I am starting to make my own fish tank Decor for Rubyn since A.) His tank is odd and B.) I can't find any i like with smooth edges.

Yesterdays adventure (1-24-15?) was finding Rubyn in the back filter section of the tank instead of in his portion of the tank after a water change and having to clean the filter when it didn't work after filling the tank with water.


----------



## Carlieflowers (Jan 20, 2014)

My snail did that a couple times with the back filter section too. Silly little things.


----------



## RubynRed1978 (Dec 15, 2014)

Having Rubyn has definitely added a different dynamic to my "family". The family I am talking about is the ones who live in my apartment besides me, at which case I am the only human  truthfully I don't mind it that way.... 

Before Rubyn I've had African dwarf frogs which are fully aquatic frogs but other than that fish and other aquatic animals have never been my first choice of "pets".

Rubyn however has changed that. With just having him to care for and not multiple fish its less stressfull for me and i can have a smaller tank.

I love just having him to care for though, watching his personality come out and seeing his likes and dislikes. But i still say he's a pig in a fishy body lol. He LOVES to eat. 

He likes shiny things and will follow and attack them. He is NOT a finger follower but likes watching me as much as i like watching him. 

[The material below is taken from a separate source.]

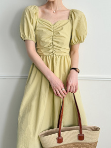 Juzhi 福祉モデル 返品交換不可~ハイウエストパフスリーブワンピース レディース 鎖骨露出プリーツゆったり 8806-1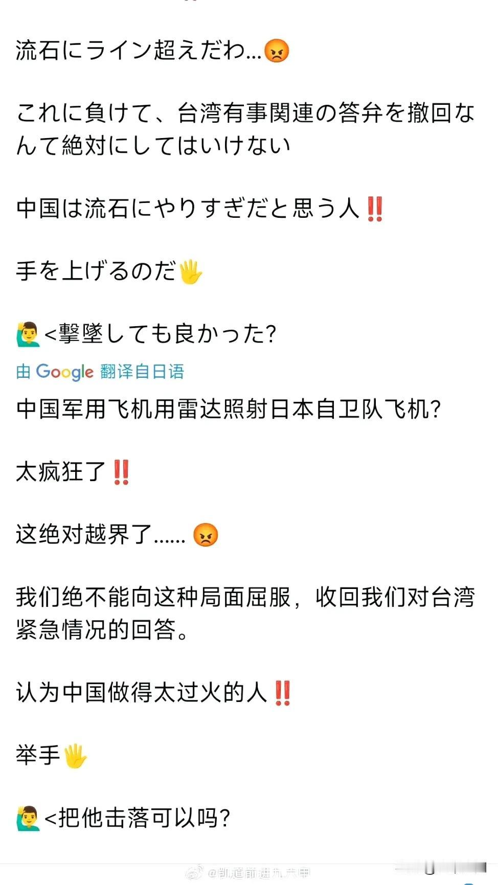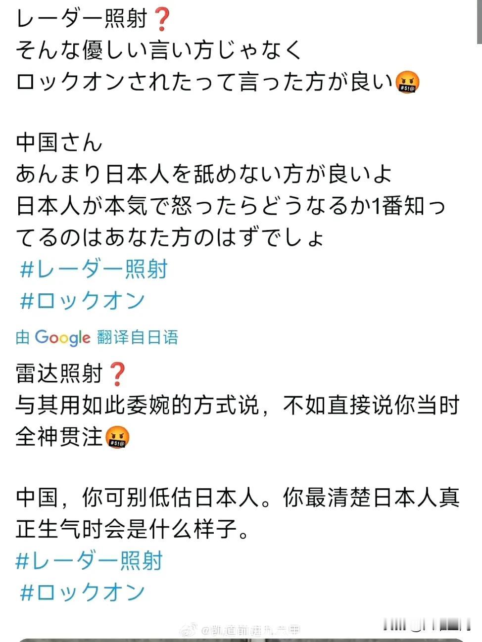 歼15雷达照射日本战机,日本网民的反应非常嚣张,有的日本网民要我们不要低估日本人,要清楚日本人真正生气时会是什么样子! 其实现在的日本人普遍都是欠揍一顿,讲道理,讲狠话已经没用了,它们比你更会讲狠话,而且这些日本人还在你的历史伤口上蹦迪,所以讲狠话已经没用了,这些日本人听不进去的,特别是年轻人的日本人,它们的思维跟当年那群日军是一样的!俄罗斯人敢做狠事,所以日本人基本不敢惹,昨天俄罗斯大使馆发推批评日本,日本网民虽然不满,但是在评论区的风格完全跟在我们大使馆账号的评论区完全不一样,日本网民对俄罗斯的批评虽然不满,但是态度还是很有礼貌,还跟俄罗斯讲道理,到我们这,它们又辱又骂,玩各种历史梗!

Rubyn is not my only family member. I also have or should i say am owned by a 6 year old rescued Chihuahua named Buddy who is my doggy shadow and spoiled brat. 

Both of my kids are spoiled each in their own way. I am making Rubyn his own decor since I can't find any suitable for him from Sculpey clay.


----------



## PandaKami (Jan 22, 2015)

Oh that gorgeous red colour  <3 He's gorgeous !


----------



## RubynRed1978 (Dec 15, 2014)

Panda, 

Thank you. He is a great little fish and pretty. But I'm mommy so of course he is to me


----------



## PandaKami (Jan 22, 2015)

RubynRed1978 said:


> Panda,
> 
> Thank you. He is a great little fish and pretty. But I'm mommy so of course he is to me


Yeah I am the same. Although my attention is constantly split between my betta, my pup and my hamsters xD My boyfriend swears that if I could, I'd own a farm.xD


----------



## DaytonBetta (Feb 4, 2014)

Your fish is very handsome. I'd love to see pictures of your hamsters!


----------



## RubynRed1978 (Dec 15, 2014)

Rubyns big brother is a 15 pound Chihuahua named Buddy. Both are spoiled. Both are loved but Buddy is a demanding but cuddly little character. 

It's been confirmed that Rubyn is indeed fin biting so now i have to try and figure out why. It kinda worries me but at the same time i know it may have nothing to do with anything i am doing in his tank or around his tank. Off to bed


----------